Our family run farm in Wiltshire has been my home for all my 14 years of life. For as long as I can remember, I have loved anything and everything to do with nature. Four generations of Lovell’s have farmed here, and although the farm is only small, 120 acres, it has an amazing amount of wildlife and wildflowers packed into its margins and barley covered hills.

We live next door to my Grandparent’s on the farm, and my family’s passion for wildlife and farming has shaped my life, with generations before me whose work or hobbies involved different aspects of nature and agriculture, from both my Mum and my Dad’s side of the family.

As a young girl I seemed to always be happiest in a meadow full of wildflowers, snuggled in the grass checking out all the bugs and beasties! Many beautiful memories have been made on the farm, from walking through the barley, with it tickling your fingertips and playing hide and seek in the tramlines, to blackberry picking every autumn, eating more than we brought home with purple stained hands!

But there is always one time of year that that sticks out more than ever in my memories - harvest. The heat, the dust and the barley hales that seem to get stuck everywhere no matter how hard you try to get rid of them! Harvest is a focal point in a farmer’s calendar: the whole year leads towards it. It is the point when they get to see if their hard work has paid off. Over harvest a transformation takes place, changing the landscape from once a golden, sea like moving mass of barley, to an empty, stalky, but still beautiful, stubble field. The plain field makes a great bicycle track, where my siblings and I all learnt to ride our bikes. I love to sit on the bales of straw with our dog and watch the farm machinery roll past, whilst giving a cheery wave to whoever was driving it.

                                           

My main job at harvest, other than shaking out occasional broken bales, is to serve the tea and cake! Me, my mum, and my granny take the truck out, loaded up with scrumptious treats and drinks, which are gratefully received by the busy farm workers!

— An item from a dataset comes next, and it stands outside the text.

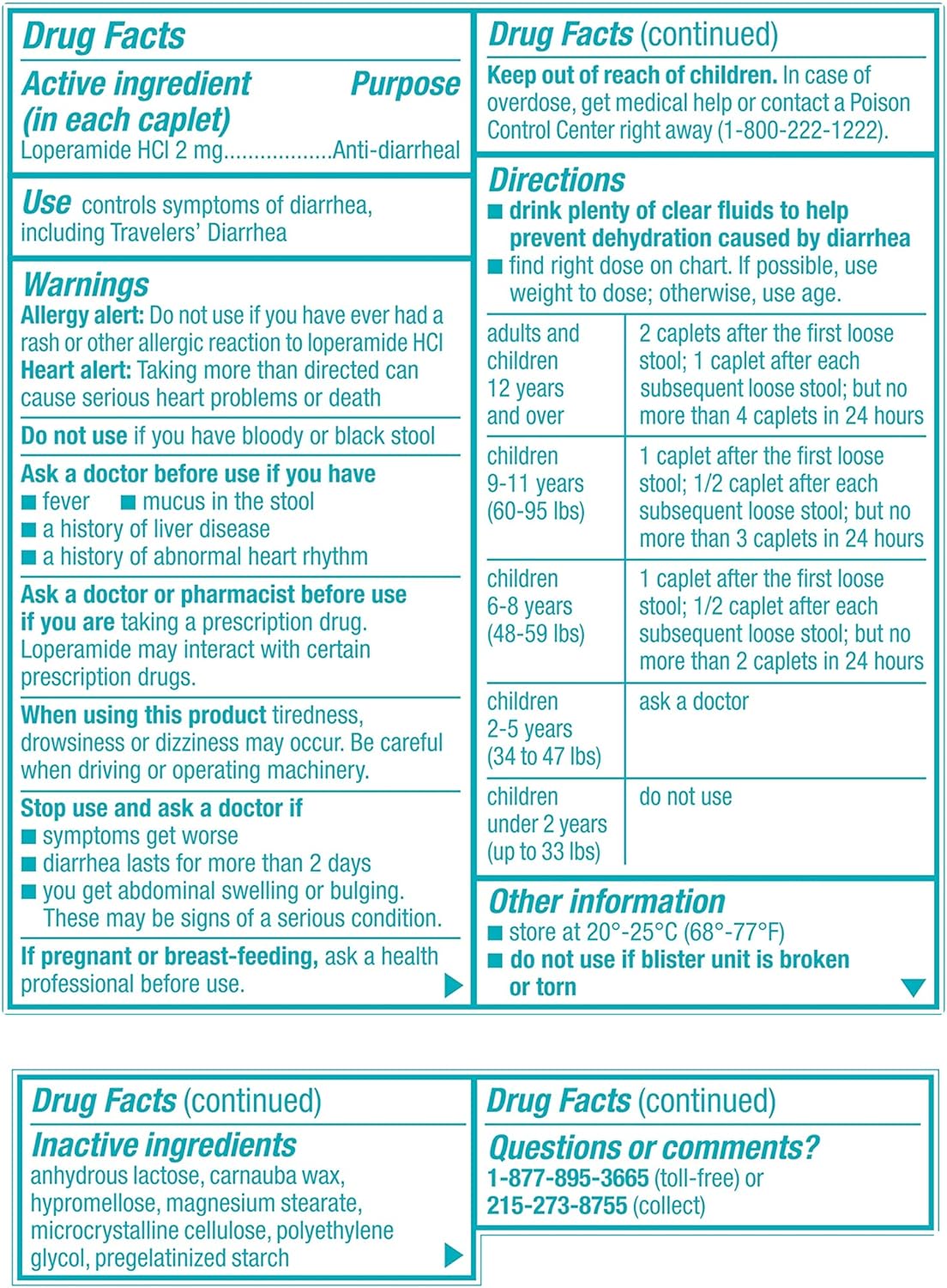 • Each anti-diarrhea medicine caplet contains 2 milligrams of loperamide hydrochloride to help control symptoms of diarrhea due to acute, active and Traveler's diarrhea

Lockdown has affected life in many ways with not going into School or running around busily to and from evening activities. But in other ways farm life hasn’t changed at all, the animals still need looking after and the barley has kept on growing steadily, unaware of the chaos in the world at present. We have laughed more, and sometimes argued more too! But I feel that the chance to slow down has changed us for the better. It is often too easy to take the farm for granted, and it is in times like these that you really appreciate the space we have. We have had time to watch the seasons change. As spring unfurled into summer, the hedgerows and field margins have come to life, with delicate wildflowers and birds and insects and bats darting in and out of the hedgerows.

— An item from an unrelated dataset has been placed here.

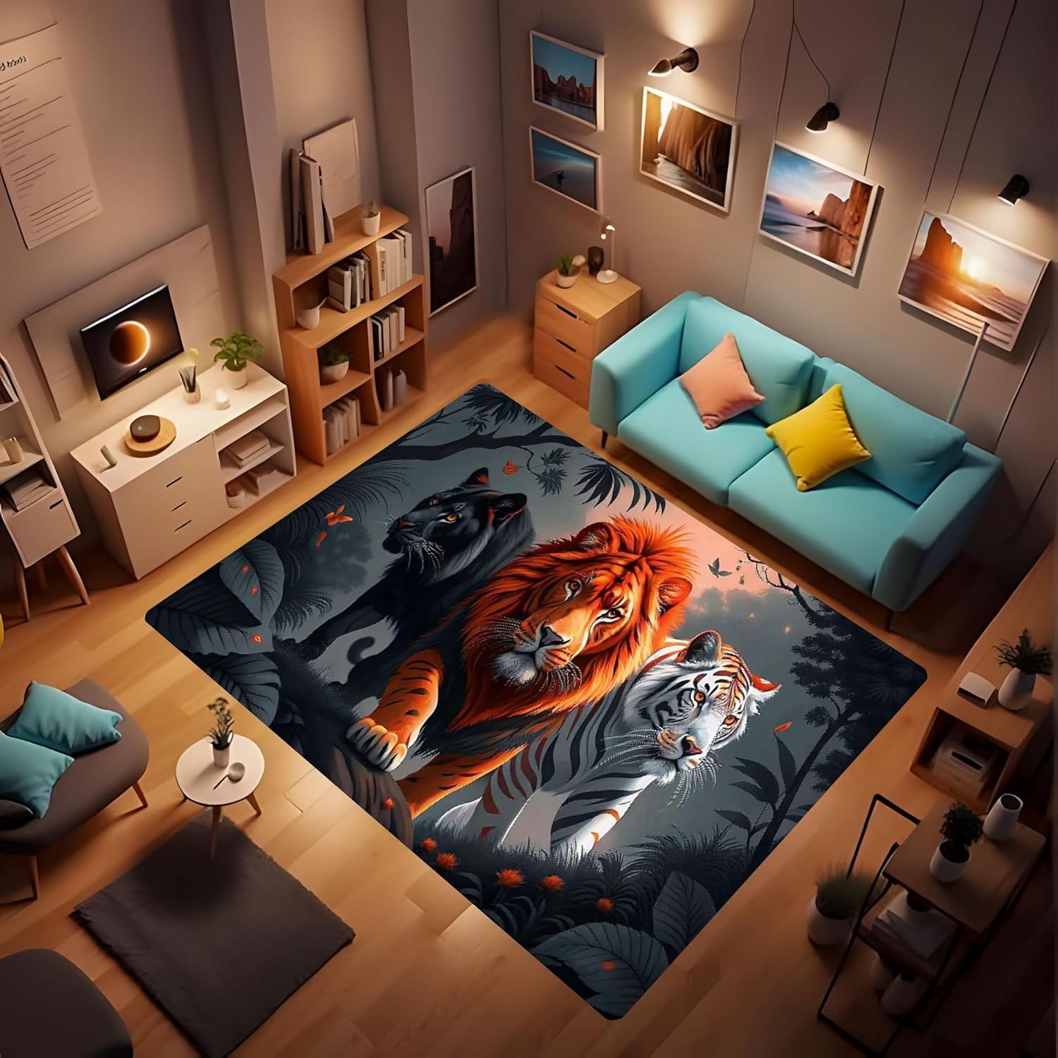 We are committed to providing you with better service. Our products include: Lion rugs, living room rugs, bedroom rugs, home decor non-slip crystal rugs, and polyester rugs. Product Description: Shape: Rectangular Size: 2' x 3' / 36'' x 24'' (60*90 cm), suitable for bathrooms and entrances 3' 4'' x 5' / 60'' x 40'' (100*150 cm) 5' x 6' 8'' / 80'' x 60'' (150*200 cm) 5' 3'' x 7' 6'' / 94'' x 63'' (160*240 cm) Material: Polyester Package Includes: 1 rug Features: * Lion Style This bedroom rug has a distinctly country home decor style. * Made with environmentally friendly dyes for superior wash fastness. * This non-slip rug is soft to the touch and easy to clean and maintain. * Easy maintenance and durability are the true values of this eco-friendly bedroom rug. * This Lion-style rug protects all rugs from damage, allowing you to move easily and smoothly in your workplace or home. * Please note: 1. The bedroom rug is individually vacuum-packed, but it will return to its original shape after 1-2 days without affecting its use. * Please follow the washing instructions. Do not expose to direct sunlight after washing. * If you find an odor when you receive the product, please place it in a ventilated area for a period of time. * Due to the influence of monitor and camera lighting, the color of the picture may be slightly different from the actual product color. * Please feel free to contact us if you have any questions."

We so often seem to get caught up in the fast pace of the world that we forget the little things. In this period of lockdown, we have been able to watch the barley grow inch by inch, and the bird’s nests with their beautiful eggs turn into fluffy chicks, and then fledgling birds. We made a simple pond and watched as water beetles colonised it, and dragonflies began to visit. The birdfeeders also bring us the simple pleasure of watching the birds feasting, and then splashing in the cool water at the edge of the pond. I don’t know if this much nature was always here, or I’m just noticing it all so much more this year.

Before lockdown, I was vaguely aware of the wildlife projects that our family were involved in, but I was so busy with lessons, and homework and clubs, that I didn’t have the time to really understand the details of what was happening right on my doorstep. Walking or cycling round the farm daily, quickly became part of our new lockdown rhythm, and we got into the habit of looking with new eyes at the beauty all around us. We love watching the Corn Buntings fluttering in and out of the barley, and the
Swallows chittering in the barn, and swooping at high speed after insects. We have had the most beautiful walks in the cool of the evening with the sunset turning the barley almost orange as we went rogueing the wild oats out of the crop.

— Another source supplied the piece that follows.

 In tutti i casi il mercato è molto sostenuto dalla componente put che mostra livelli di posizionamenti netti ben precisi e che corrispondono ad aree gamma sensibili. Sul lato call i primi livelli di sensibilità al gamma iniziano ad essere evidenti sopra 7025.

My Dad is involved with the local Wallop Brook Farmers group who are finding ways to look after the environment whilst still producing good crops. One of the projects we have been part of is sowing some rare wildflower seeds in corners of the field. I loved it when Cath Shellswell came to have a look at what was growing here, and she taught me to identify lots more wildflowers and how to do a quadrat survey.

I still love to sit in patches of grass and wildflowers as much as when I was young, and hope I can keep learning more, and that this is just the start of a lifelong love for nature and the world around us!